Closer to what she now calls home, Ravndal serves on the Montana Chapter executive committee. Disturbed by the government-sanctioned slaughter of one-third of Yellowstone's buffalo herd, she spent the past two years developing an alternative to a federal plan for the animals. The Government Accounting Office conducted a comparative analysis of the two plans, but no final decision has been made. "The government's plan involves capturing bison that step across an invisible boundary, quarantining them and killing them," Ravndal says. "It's a dangerous precedent to treat wildlife like livestock in our first national park. They're not, and they don't warrant the same treatment."


Samara Swanston - New York, N.Y.
Vice Chair, New York City Group

Somehow, in the middle of the country's busiest city, Samara Swanston discovered the natural world. And somehow her little-girl heart knew it was sacred. The daughter of a jazz musician and a homemaker, Swanston grew up in the Bronx and Queens surrounded by more concrete and skyscrapers than fields and trees. But she loved to explore the plants and bugs in her own backyard. Sometimes she'd get on the bus with her mother and go to the beach in Asbury Park. "I felt such peace there by the waterfront, such a connection with the sacredness of nature," Swanston said.

So it made sense when, all grown up and freshly graduated from law school, she went to work on behalf of the environment. She has stopped a developer from building houses in a wetland and helped gain permanent protection for a 17,000-acre dwarf pine forest. As an Environmental Protection Agency Superfund attorney she earned the EPA Gold Medal - the agency's highest honor - for her work on environmental justice issues. Now she's executive director and general counsel for The Watchperson Project of Greenpoint-Williamsburg, an environmental advocacy organization. That's how she met Atlantic Chapter lobbyist John Stouffer, who convinced her to be a Sierra Club leader.

"I like to focus on open space and improving environmental quality in communities of color," she says. "If a tree can be planted, a tree should be planted. If there's a corner pocket of dirt by the freeway, then plant a shrub there."


Lawson LeGate - Salt Lake City, Utah
Senior Southwest Regional Representative

Lawson LeGate draws inspiration from his great-great-great grandfather.

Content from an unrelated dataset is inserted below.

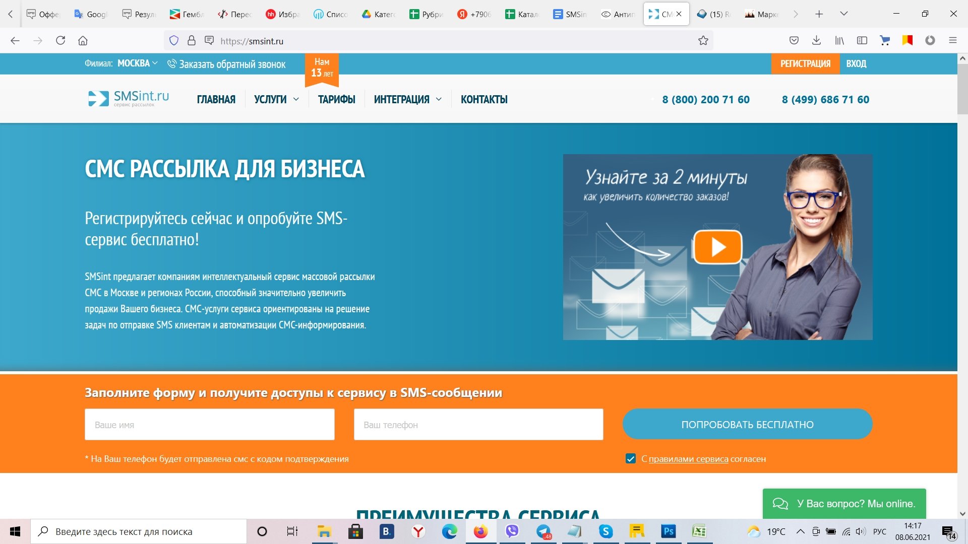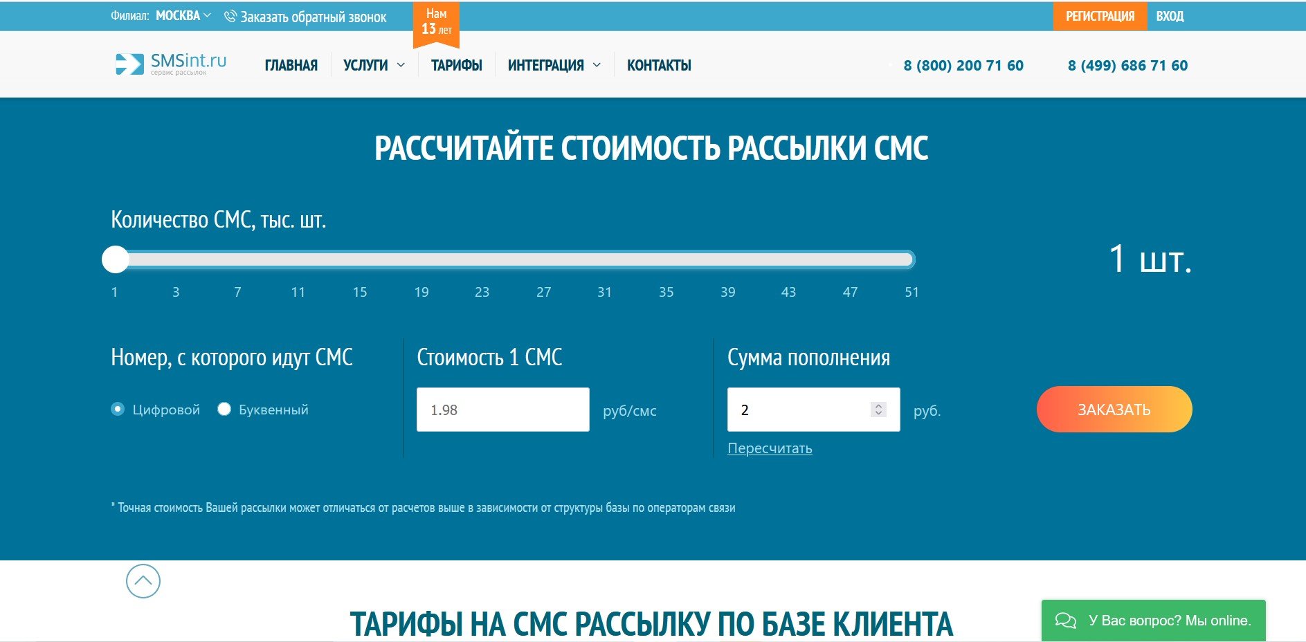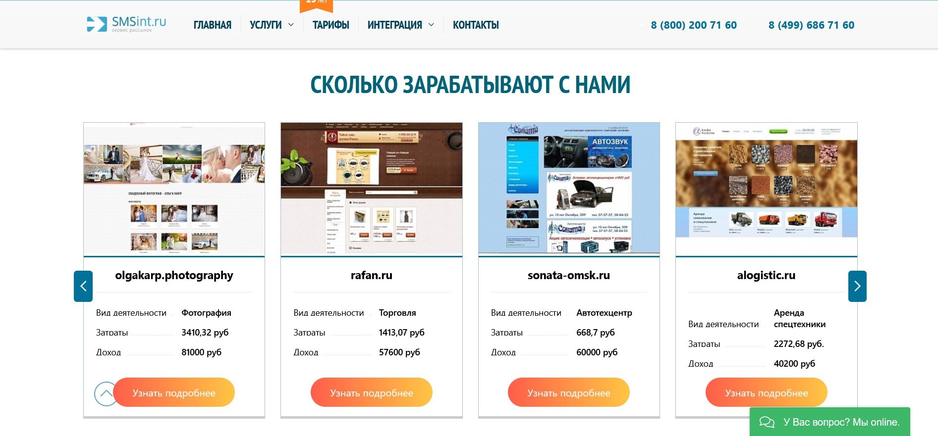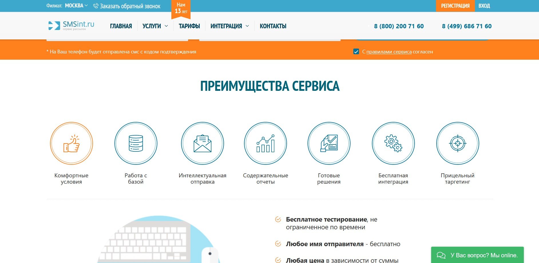 SMSint.ru предлагает следующие услуги: рассылка SMS, Viber, Whatsapp, автоматический обзвон, авторизация пользователей на сайте/в приложении с помощью звонка (стоимость одной успешной проверки всего 79 копеек), модуль онлайн-консультант для сайта

He "found" him while poring over geneological information made available by the Mormon Church, prominent in Utah where LeGate lives. "In the early 1800s he was a settler in Ohio and Illinois," he says. "But then, at the ripe old age of 59, when he was already a grandfather, he traveled by covered wagon to the Oregon Territory and Northern California."

LeGate has taken to heart his ancestor's example that it's never really too late to change your life. "When I retire from the Sierra Club, I'm going to be a rock star," he says. "I love to sing and play the piano and guitar. I couldn't do the whole L.A. music scene, though, so I'll just be a low-key, regional rock star."

And then there is his father's example. A horseman who wanted to dramatize the need for hiking and riding trails, in the mid-1960s he rode his horse from Mexicali, Mexico to Vancouver, Canada. Perhaps with that feat in the back of his mind, LeGate - who trained as a classroom teacher - went to work for the Sierra Club in 1987. "One of my favorite aspects of the work is bringing new people into the movement, especially young people," says LeGate. More teacher than rock star, perhaps? Only his band members know for sure.